** Extracted entries **
○ ○ ○ ○ ○

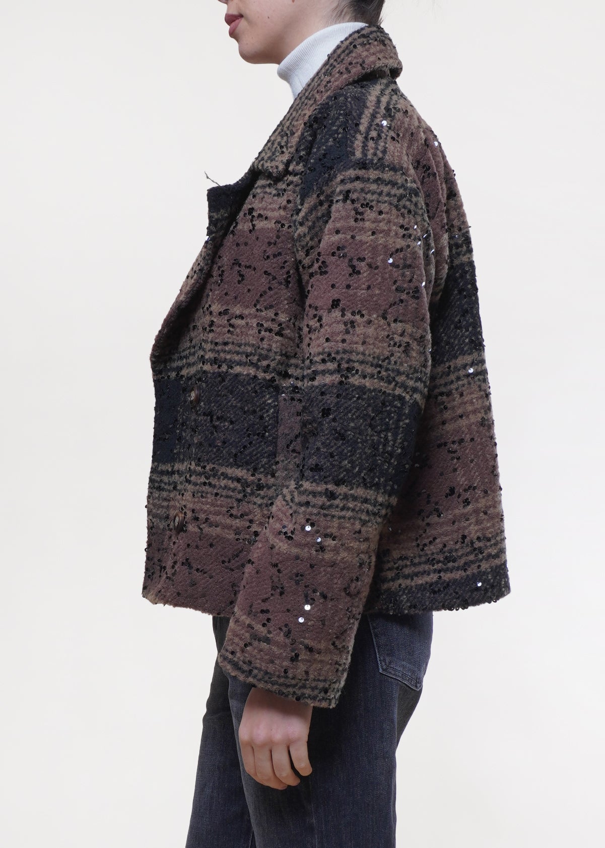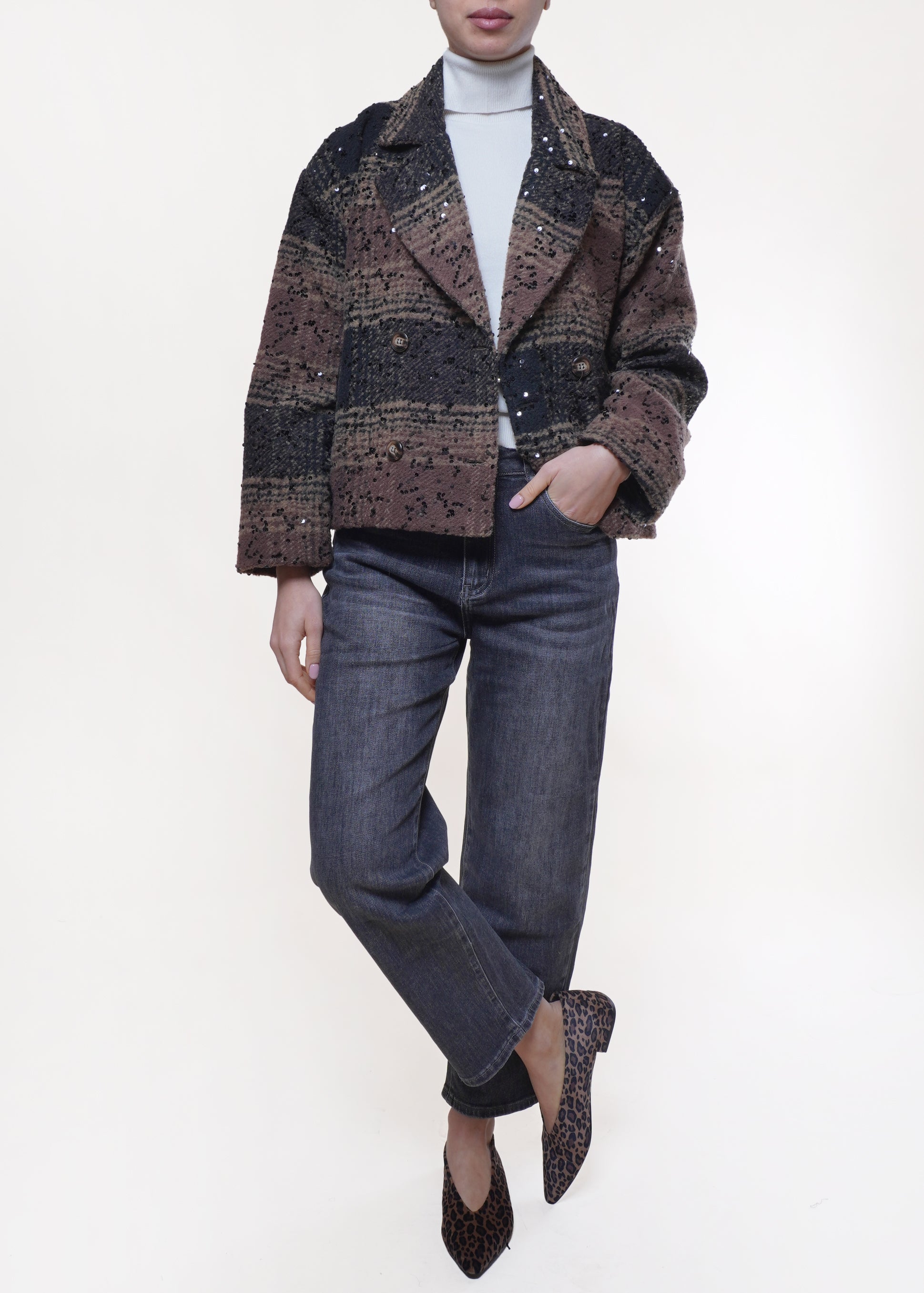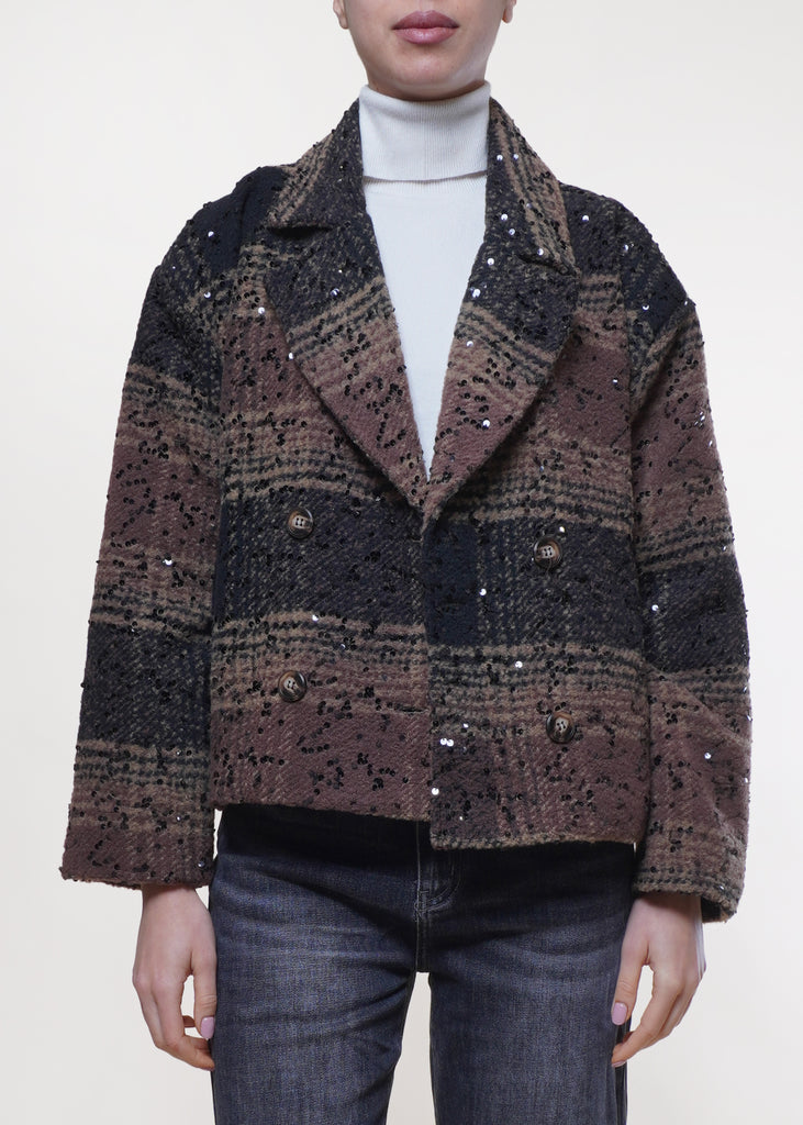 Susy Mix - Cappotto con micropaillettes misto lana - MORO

○ ○ ○ ○ ○

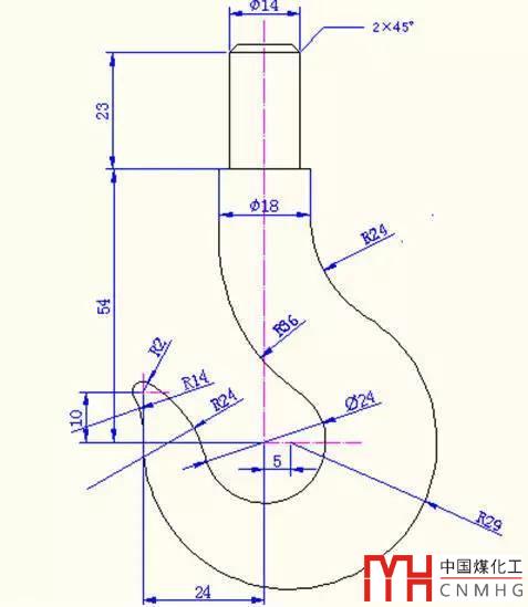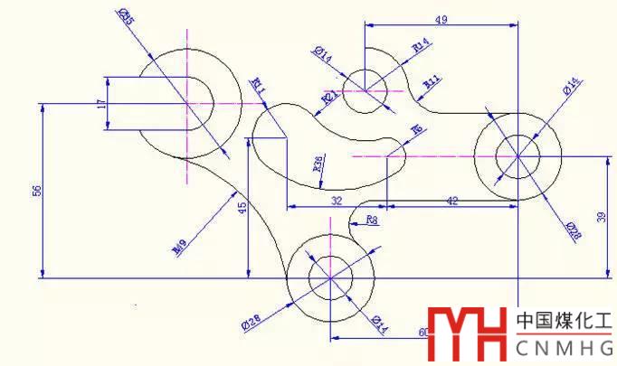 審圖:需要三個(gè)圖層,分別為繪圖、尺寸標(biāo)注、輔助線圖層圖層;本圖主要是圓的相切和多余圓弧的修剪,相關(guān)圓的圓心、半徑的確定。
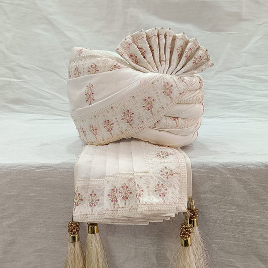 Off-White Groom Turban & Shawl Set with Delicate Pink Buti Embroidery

○ ○ ○ ○ ○

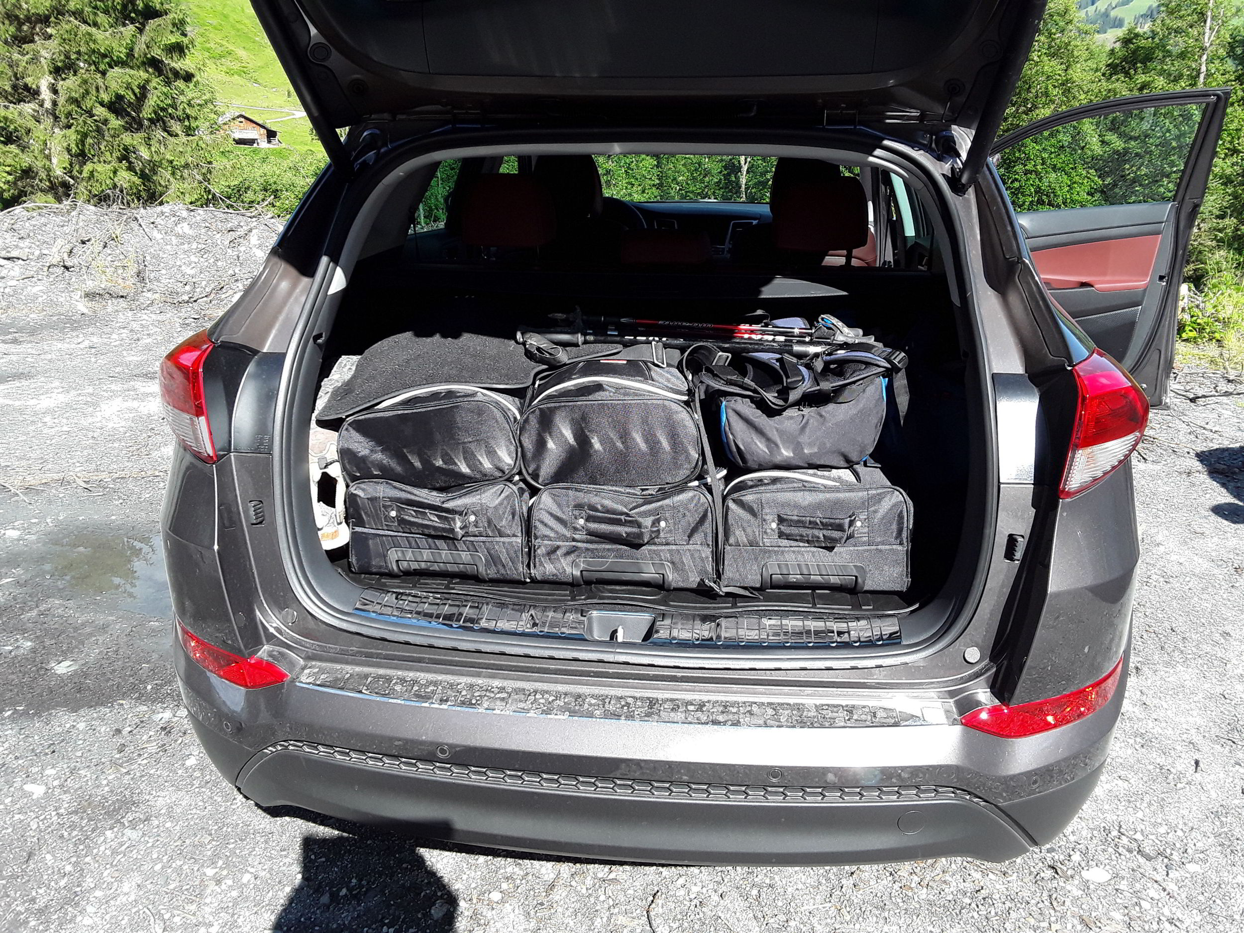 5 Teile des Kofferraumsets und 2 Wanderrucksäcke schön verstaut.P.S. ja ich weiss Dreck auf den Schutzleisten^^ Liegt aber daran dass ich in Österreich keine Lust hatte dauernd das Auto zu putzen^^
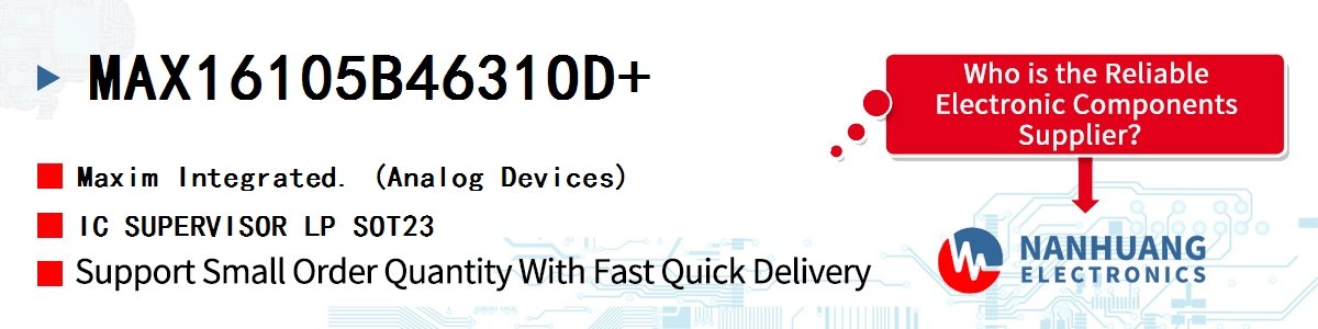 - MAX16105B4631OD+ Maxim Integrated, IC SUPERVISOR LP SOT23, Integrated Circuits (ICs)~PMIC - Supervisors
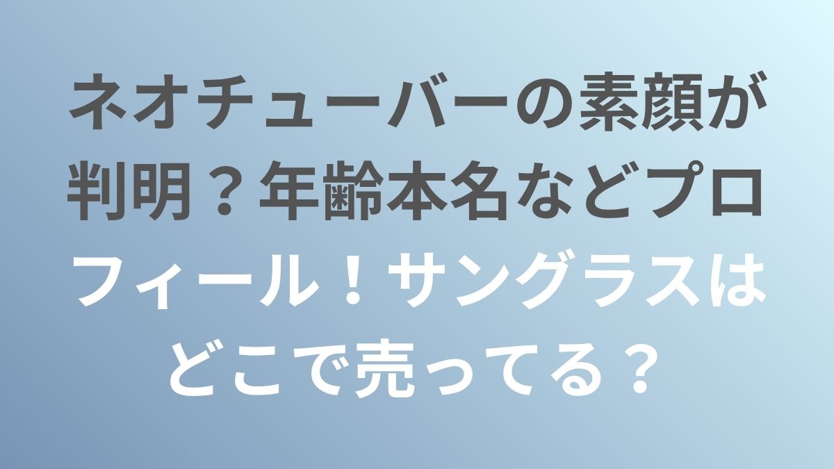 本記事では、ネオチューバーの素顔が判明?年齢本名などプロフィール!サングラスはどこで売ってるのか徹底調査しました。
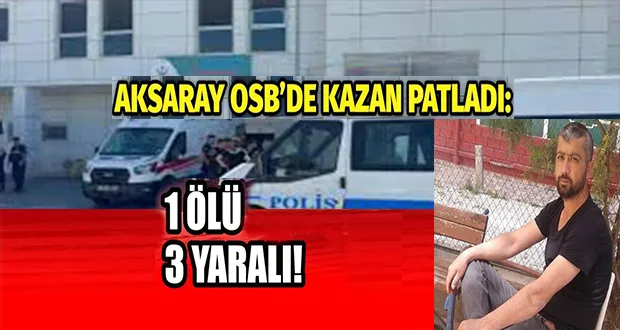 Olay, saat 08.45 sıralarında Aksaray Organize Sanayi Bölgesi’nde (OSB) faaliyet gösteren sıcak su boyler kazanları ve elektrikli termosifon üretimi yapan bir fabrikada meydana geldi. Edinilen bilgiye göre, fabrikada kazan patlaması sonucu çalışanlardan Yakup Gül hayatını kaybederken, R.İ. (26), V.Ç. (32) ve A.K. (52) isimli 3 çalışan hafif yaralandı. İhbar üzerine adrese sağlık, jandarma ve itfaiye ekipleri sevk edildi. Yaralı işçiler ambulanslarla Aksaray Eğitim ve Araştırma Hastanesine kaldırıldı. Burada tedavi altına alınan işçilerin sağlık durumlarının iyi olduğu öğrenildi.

○ ○ ○ ○ ○

** Work item **
Leaving each picture behind, please give again exactly the lines above from the one with "本記事では、ネオチューバーの" through the one with "Olay, saat 08.45", both included, and no others.

** Solution to this task **
 本記事では、ネオチューバーの素顔が判明?年齢本名などプロフィール!サングラスはどこで売ってるのか徹底調査しました。
 Olay, saat 08.45 sıralarında Aksaray Organize Sanayi Bölgesi’nde (OSB) faaliyet gösteren sıcak su boyler kazanları ve elektrikli termosifon üretimi yapan bir fabrikada meydana geldi. Edinilen bilgiye göre, fabrikada kazan patlaması sonucu çalışanlardan Yakup Gül hayatını kaybederken, R.İ. (26), V.Ç. (32) ve A.K. (52) isimli 3 çalışan hafif yaralandı. İhbar üzerine adrese sağlık, jandarma ve itfaiye ekipleri sevk edildi. Yaralı işçiler ambulanslarla Aksaray Eğitim ve Araştırma Hastanesine kaldırıldı. Burada tedavi altına alınan işçilerin sağlık durumlarının iyi olduğu öğrenildi.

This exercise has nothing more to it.